Extracted records:
- - - - -

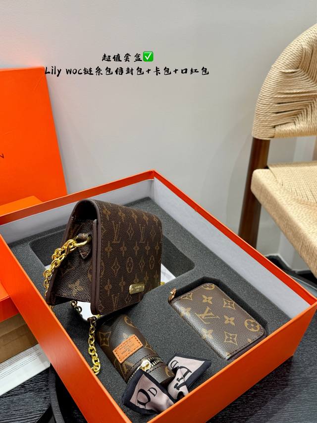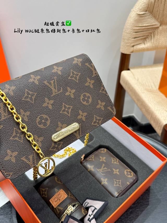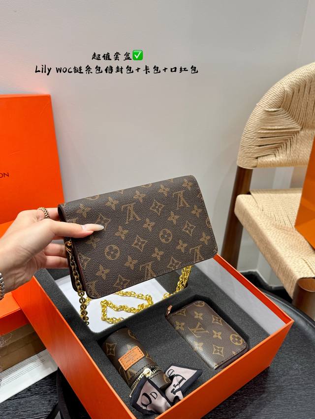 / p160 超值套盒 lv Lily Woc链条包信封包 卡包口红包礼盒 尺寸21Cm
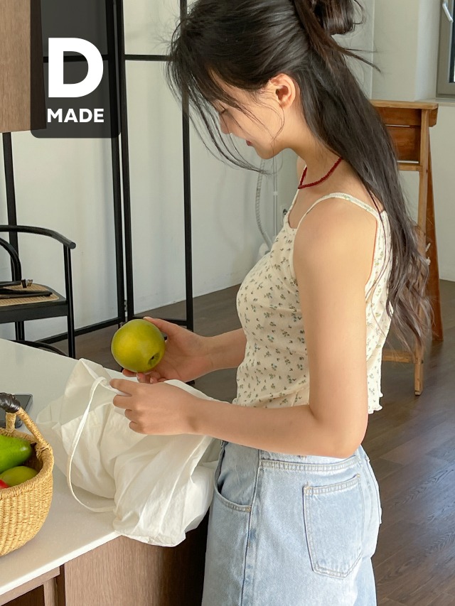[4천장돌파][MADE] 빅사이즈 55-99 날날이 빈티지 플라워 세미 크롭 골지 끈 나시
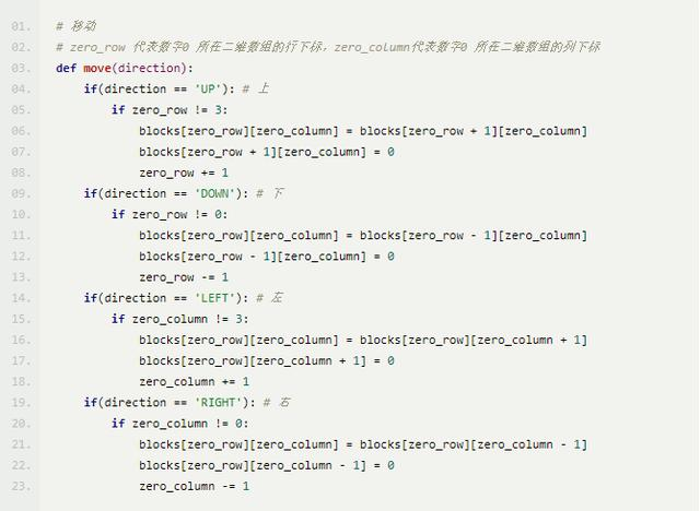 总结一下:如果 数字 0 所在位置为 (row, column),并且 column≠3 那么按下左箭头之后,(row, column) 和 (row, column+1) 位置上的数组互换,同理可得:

- - - - -

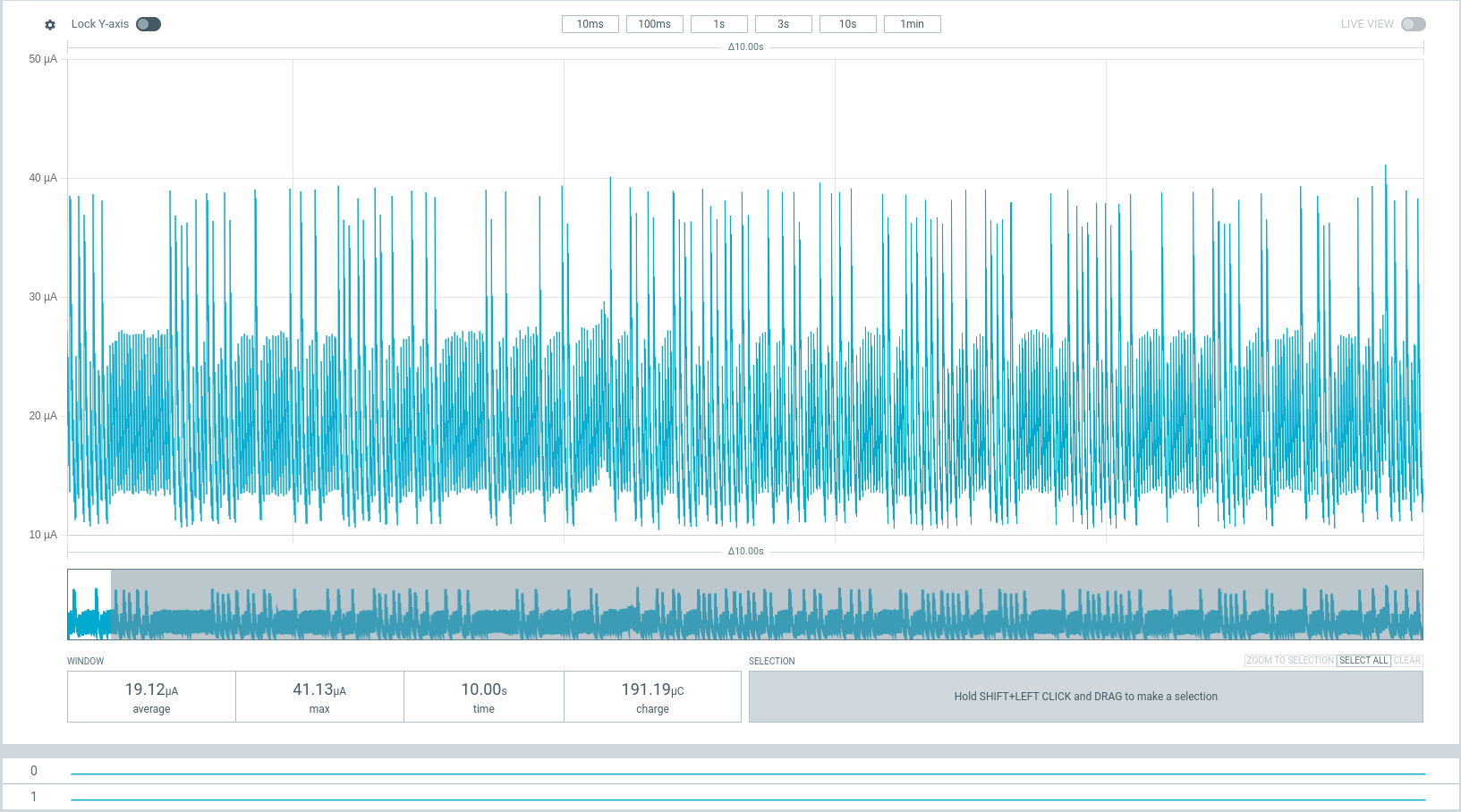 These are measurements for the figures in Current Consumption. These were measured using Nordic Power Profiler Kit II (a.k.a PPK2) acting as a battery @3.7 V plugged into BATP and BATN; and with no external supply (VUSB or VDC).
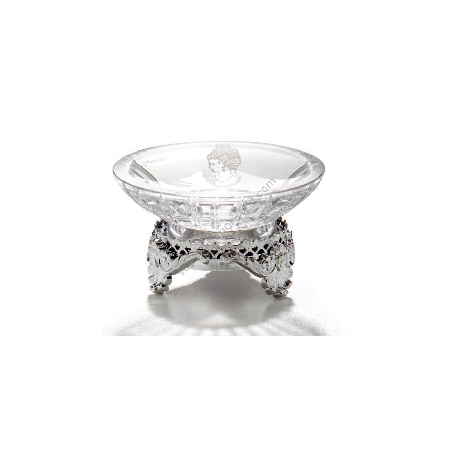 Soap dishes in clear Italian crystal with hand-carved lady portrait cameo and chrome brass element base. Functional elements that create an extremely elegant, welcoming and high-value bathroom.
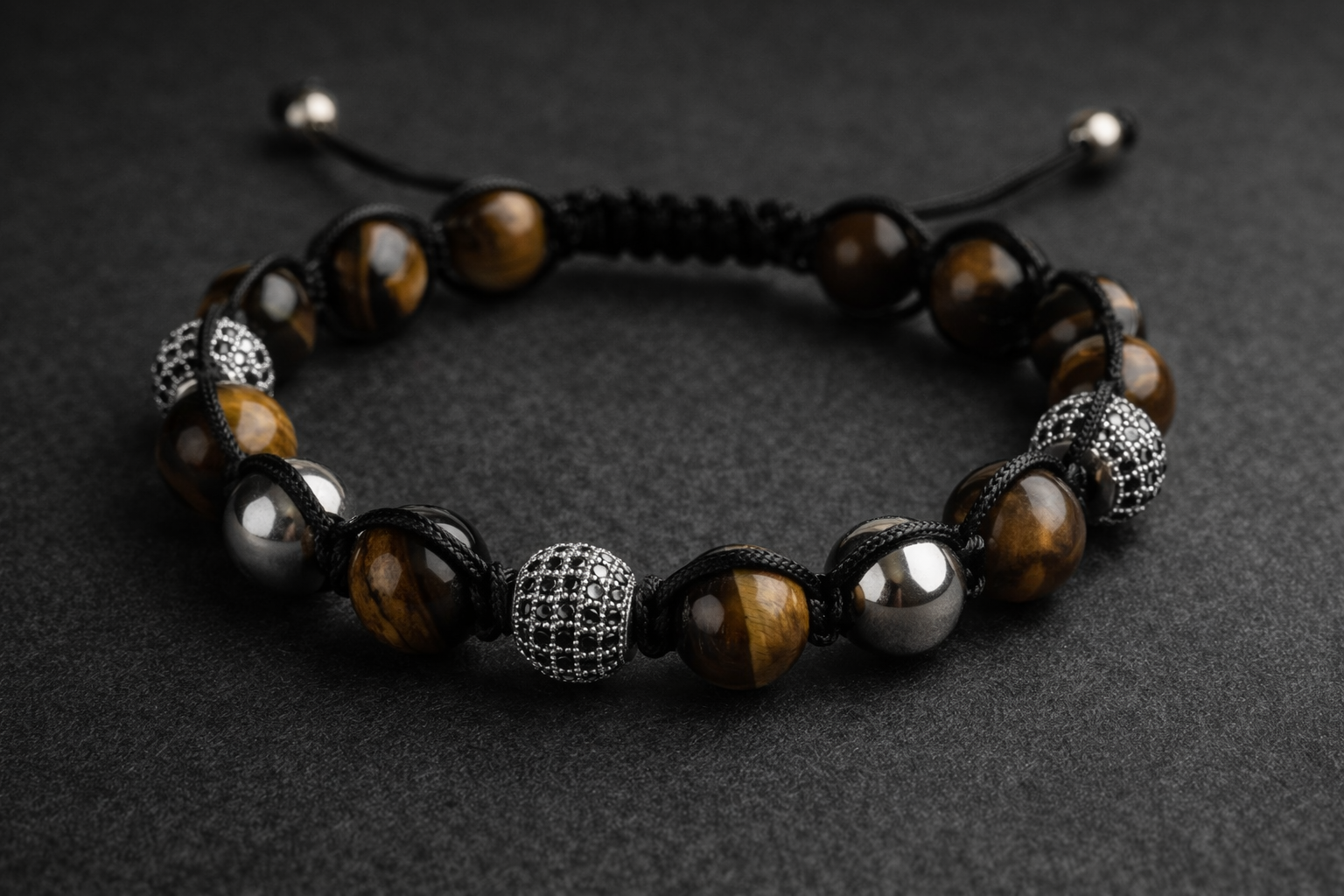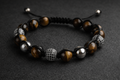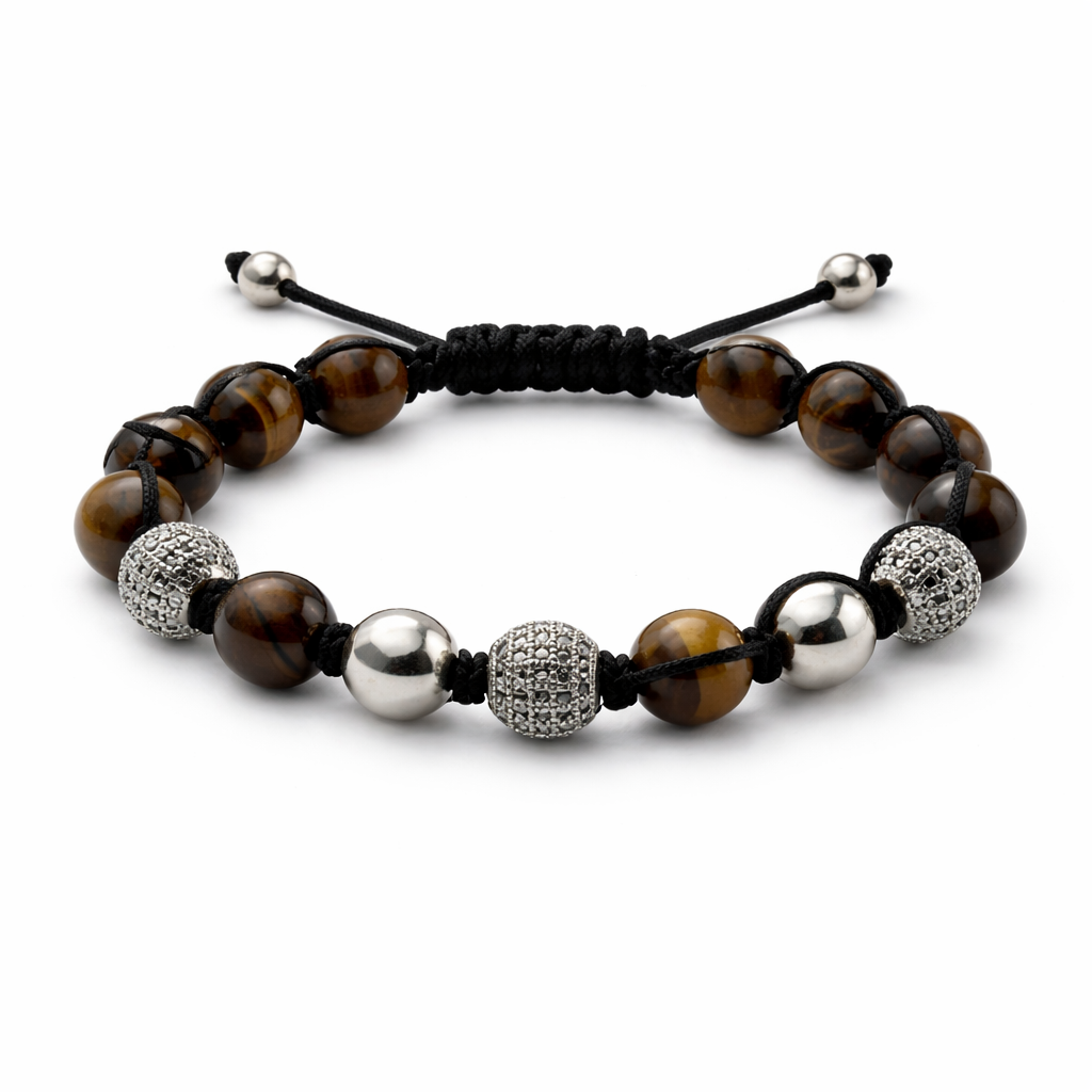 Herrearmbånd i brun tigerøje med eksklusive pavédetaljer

- - - - -

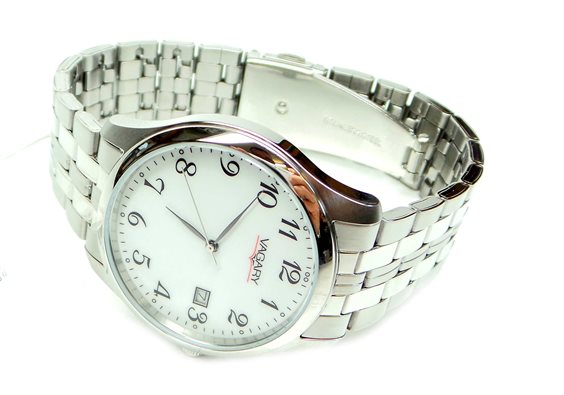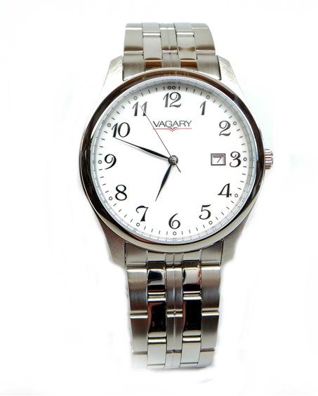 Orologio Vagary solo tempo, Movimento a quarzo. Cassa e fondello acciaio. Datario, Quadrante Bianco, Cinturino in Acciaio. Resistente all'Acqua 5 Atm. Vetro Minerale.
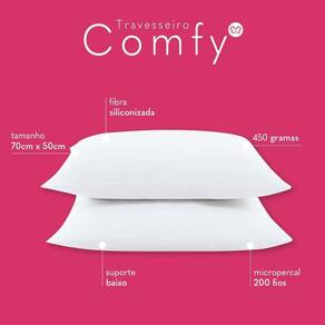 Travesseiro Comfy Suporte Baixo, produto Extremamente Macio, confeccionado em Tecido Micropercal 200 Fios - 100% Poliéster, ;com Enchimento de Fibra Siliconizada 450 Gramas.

- - - - -

Task requirements:
Look above for the line with "Woc链条包信封包 卡包口红包礼盒 尺寸21Cm" and the line with "总结一下:如果 数字 0". Give again exactly those two lines and all lines between them, pictures excluded.

Answer below:
 / p160 超值套盒 lv Lily Woc链条包信封包 卡包口红包礼盒 尺寸21Cm
[4천장돌파][MADE] 빅사이즈 55-99 날날이 빈티지 플라워 세미 크롭 골지 끈 나시
 总结一下:如果 数字 0 所在位置为 (row, column),并且 column≠3 那么按下左箭头之后,(row, column) 和 (row, column+1) 位置上的数组互换,同理可得:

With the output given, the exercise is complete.